The other secret sauce that AMD brought to bear in Frontier is an enhanced Infinity Fabric interconnect between the CPUs and the GPUs that will offer coherent memory access across the devices, much as IBM and Nvidia have done across the Power9 CPUs and Volta GPUs through NVLink interconnects. In fact, keeping this fat node approach for compute and coherency was critical for Oak Ridge, so AMD and Cray really had no choice but to deliver this capability. The Frontier design will lash four Radeon Instinct GPUs to each Epyc processor – a more aggressive ratio than was used with Summit, which had six Volta GPUs for every pair of Power9 processors. And it looks, at first blush, like Frontier will be based on a single-socket server node, too, which is interesting indeed.
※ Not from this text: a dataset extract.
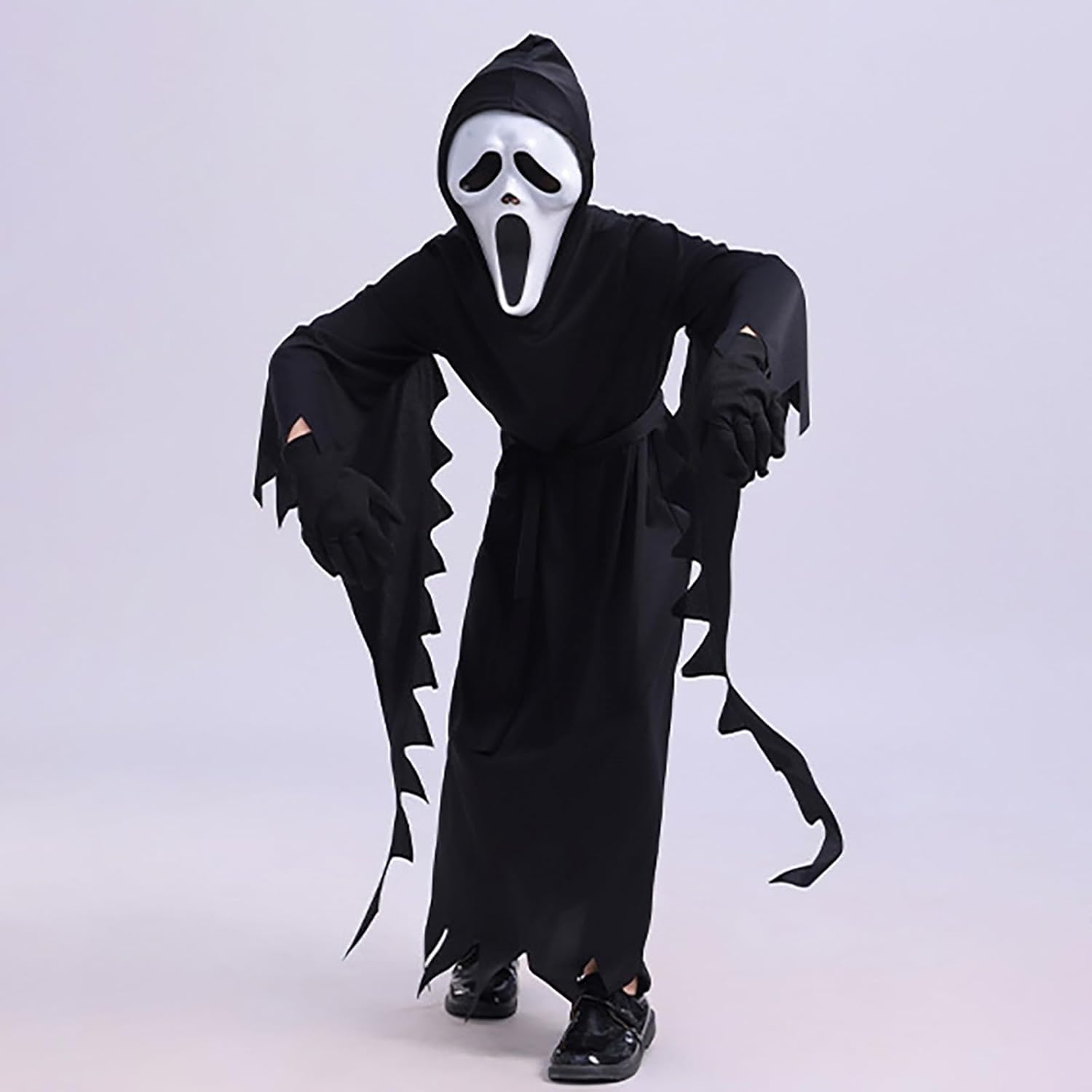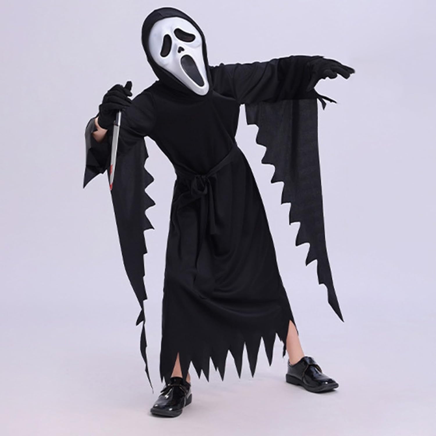 Halloween Scream Costume Bambini: Questo scream costume cosplay per bambini include 1 mantello da urlo per bambini, 1 maschera da fantasma Qualità Eccellente: Questo costume da mietitore di Halloween per bambini è realizzato in poliestere, garantendo una vestibilità comoda. Il design della maschera da fantasm si adatta al contorno del viso e può adattarsi a diverse dimensioni della testa. Il tessuto ultrasottile della maschera separata e l'apertura extra-large garantiscono il massimo comfort per i bambini! Design Classico: Il horror ghost face costume presenta un classico design con tunica nera, che lo rende uno stile classico per qualsiasi festa. Classica espressione urlante che lo rende ancora più spaventoso e spaventoso al buio. Con questo costume da urlo di Halloween, il tuo bambino si trasformerà nel protagonista di un costume da film di paura. Horror Ghost Face Costume per Bambini: Questo spaventoso costume da urlo di Halloween può essere utilizzato anche come costume da fantasma, facile da indossare, perfetto per feste di Halloween, feste a tema scream, costumi horror, Carnevale, feste a tema e altro ancora! Taglia: si prega di scegliere la taglia appropriata in base alla tabella delle taglie

As to networking outside of the nodes, Frontier will of course use Cray’s homegrown, HPC-style Slingshot interconnect, which is a superset of Ethernet that has dynamic routing and congestion control features like its previous “Gemini” and “Aries” interconnects used in the XT and XC supercomputer lines, respectively, but while at the same time maintaining compatibility with enterprise and campus networks that are based on Ethernet. Some of the NRE work being done by Cray and AMD is to integrate Slingshot with this Infinity Fabric such that the cluster network can enable direct addressing of the CPU and GPU memories across nodes, according to Steve Scott, chief technology officer at Cray.

The software stack for AMD compute is also going to be significantly advanced as part of the Frontier system, with substantial enhancements to the ROCm open source tool chain from AMD and its integration with the Cray Programming Environment. The system software stack will, according to Scott, keep the customer facing software looking the same to users and programmers as it did on both Titan and Summit, such as the same MPI, OpenMP, and OpenACC libraries, but the Cray Linux platform and its related system software will be less monolithic and, as Scott put it, will have a “well-defined, clean, open, and documented API stack that allows the mixing and matching of software at a bunch of different levels and that is much more modular and containerized.”

As for storage, we presume that this will be integrated directly into the Frontier cabinets, which is also one of the selling points of the Slingshot interconnect. How much of that $500 million hardware budget is for storage is not clear.